Cram's "Life and Age of Man" "is identical in composition to those published by firms like Currier & Ives earlier in the nineteenth century (which likewise drew on European precedents)" only time-sensitive details changed. Military uniforms, ladies' hairdos, and costume silhouettes were altered to appeal to the style-conscious middle class, who would have been the likely viewers/consumers of a fashionable reminder of an eternal theme.
George Franklin Cram (1842-1928) is best known as a map and atlas publisher whose earliest atlas is recorded with a date of 1875. According to Phillips-LeGear, Geographical Atlases in the Library of Congress, Cram was at the Dearborn Street address during the years cited above. The firm continues today. In America on Stone, Harry Peters lists only one other print by Cram which was titled "The Destruction of Chicago . . . the First Picture Published in Chicago after the Fire." He saw one copy of the Chicago view and evidently never saw this one. A very scarce interpretation of one of the most popular themes in Western print culture. $1,600
- E. Rudeaux. "The Two Amateurs." Boston: J.H. Bufford, no date. Lithographic transfer from engraved plate by C.A. Deblois. 16 x 11 3/4 (image) plus full margins on a sheet 20 x 15. Slight time darkening, but overall fine condition.
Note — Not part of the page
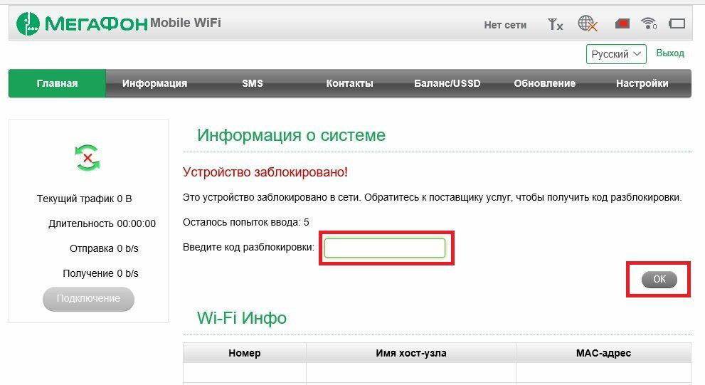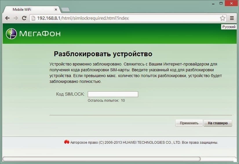 Разблокировка Мегафон MR100-3 (Huawei E5372) – эта функция предусмотренная производителем устройства, обеспечивающая возможность работы с SIM-картами любых операторов. При установке в MR100-3 SIM-карты другого оператора, например, Билайн или МТС, на передней панели самого устройства высветится надпись “Заблокировано“, а в Web-интерфейсе или в программе для соединения с интернет появится запрос для ввода кода разблокировки:

The lithograph is crafted to appear to be a line engraving, but upon close inspection is a lithograph.
A depiction of two young men, probably art students, who are practicing their craft in the countryside when they meet a pleasant and lovely young woman. The subject is pure romanticism in feeling and the craft is an interesting study. According to Harry Peters in America on Stone, pp 118-127 Bufford had as many as a hundred employees working in his factory at some times, so not finding biographies of the painters and engraver is not surprising.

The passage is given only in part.